Helpful tips on what to expect and what to bring
So you've decided to dip your toe into this whole whitewater thing by coming to the beginner's clinic! Congrats! You've made the right choice. We know that just showing up to camp and learn a new sport with strangers can be a little intimidating for some. We want your experience to be great, and that starts with knowing what to expect. You can get a visual on clinic by visiting our photo album at http://bwaspringclinic.weebly.com/clinic-pics.html.
About the Camping
- Camping will take place riverside on the Russell Fork River in Elkhorn City, KY. The price is included in your clinic fee.

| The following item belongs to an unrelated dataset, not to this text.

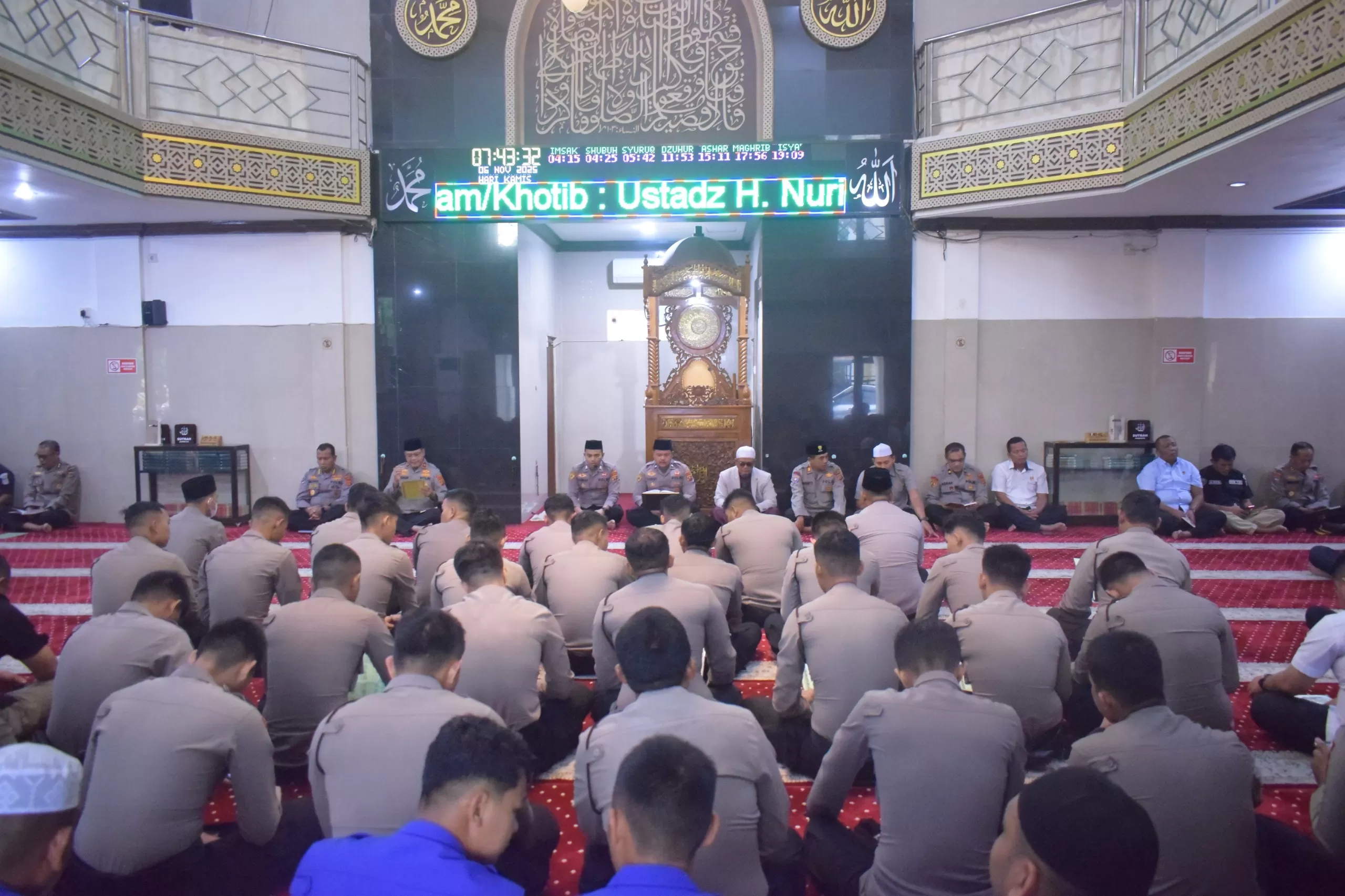 Pembinaan rohani bagi personel muslim dipusatkan di Masjid Al-Ikhlas Polda Jambi. Kegiatan tersebut dihadiri Wakapolda Jambi Brigjen Pol M. Mustaqim, para Pejabat Utama, para perwira, serta personel Polda Jambi. Rangkaian acara diawali dengan pembacaan Ummul Qur’an, Asmaul Husna, Surah Yasin, tausiyah, dan ditutup doa bersama.

- The campground is called Ratliffe Hole and offers modest restroom facilities with toilets and showers (showers aren't great!).

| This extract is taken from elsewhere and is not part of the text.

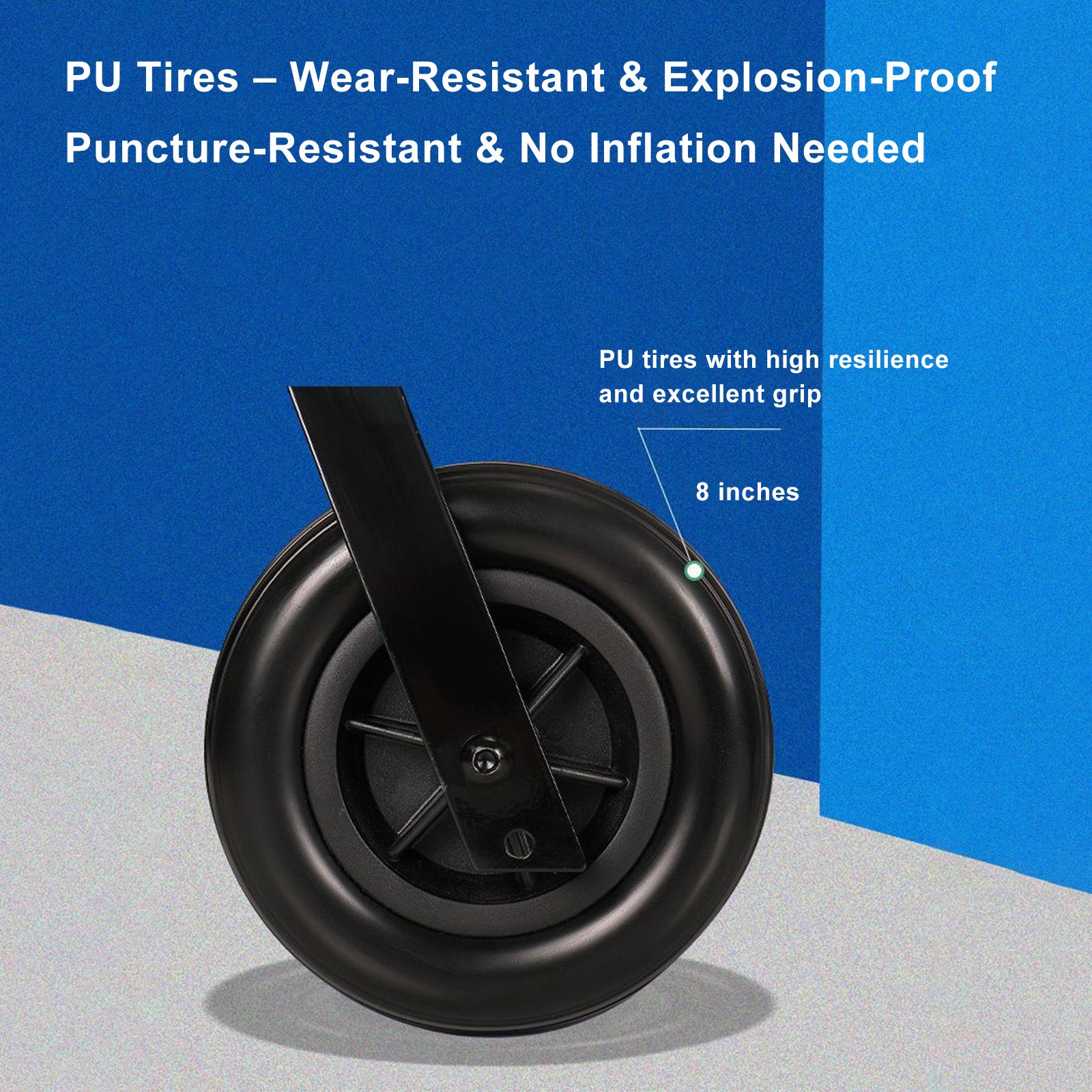 PU Tires: Wear-resistant, explosion-proof, and no inflation needed.

- Camping spots are on a first come, first serve basis, but there should be plenty of space.
- Firewood can sometimes be purchased or scavenged locally. You should not bring in firewood from other locations as it spreads parasites. We will provide wood for community fires, and boaters are very social creatures.
- Clinic participants are a very diverse group of people. Some will shake it on the dance floor all night, while others will turn in early. Consider this when choosing a spot to camp. If you're an early to bed kind of person, do not camp next to the pavilion or down by the river. Quiet, family camping will be designated up on the hill.

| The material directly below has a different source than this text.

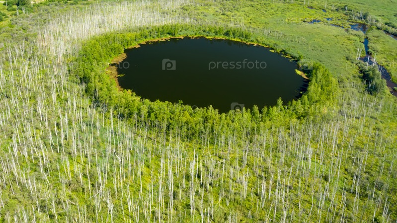 Вид с воздуха на Бездонное озеро в лесу Солнечногорского района Московской области. Россия. С высоты птичьего полета. Озеро идеально круглое и его глубина не определена
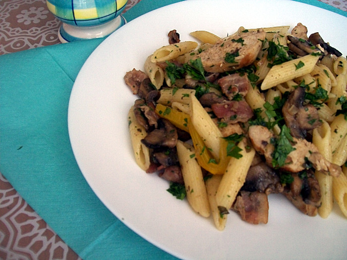 12. Do miski wrzuć makaron, pokrojoną paprykę, pieczarki z boczkiem oraz pokrojone w paski filety z kurczaka. Całość wymieszaj i posyp posiekaną natką pietruszki.

- Non participating guests may attend the clinic and camp and eat with us for a $20 fee.
About the classes
- There will be a morning class and afternoon class on Saturday and a morning class on Sunday.
- Classes will be small in size, with an instructor and a safety assistant.
- You will be assigned a class based on your reported skill level. All skill levels are welcome, even if you've never seen a kayak in your life.
- Basic clothing such as water shoes or booties and socks, pants, leggings and tops worn on the river should NOT be made out of cotton material. You should dress warmer than you think you need to, with layers you can take off if necessary. The water is dam release, so it will be cool. Anything polyester or spandex or designed to be moisture wicking is ideal. A fleece top is great for warmth.
- You should bring as much whitewater gear and clothing as you own. If you are just beginning, we recommend that you purchase your own pfd and and helmet, as they are harder to borrow and will fit you better it they're yours. Farmer John neoprene suits, hydroskin or dry suits are also recommended. But if you do not have these items, let us know an we will help you borrow them.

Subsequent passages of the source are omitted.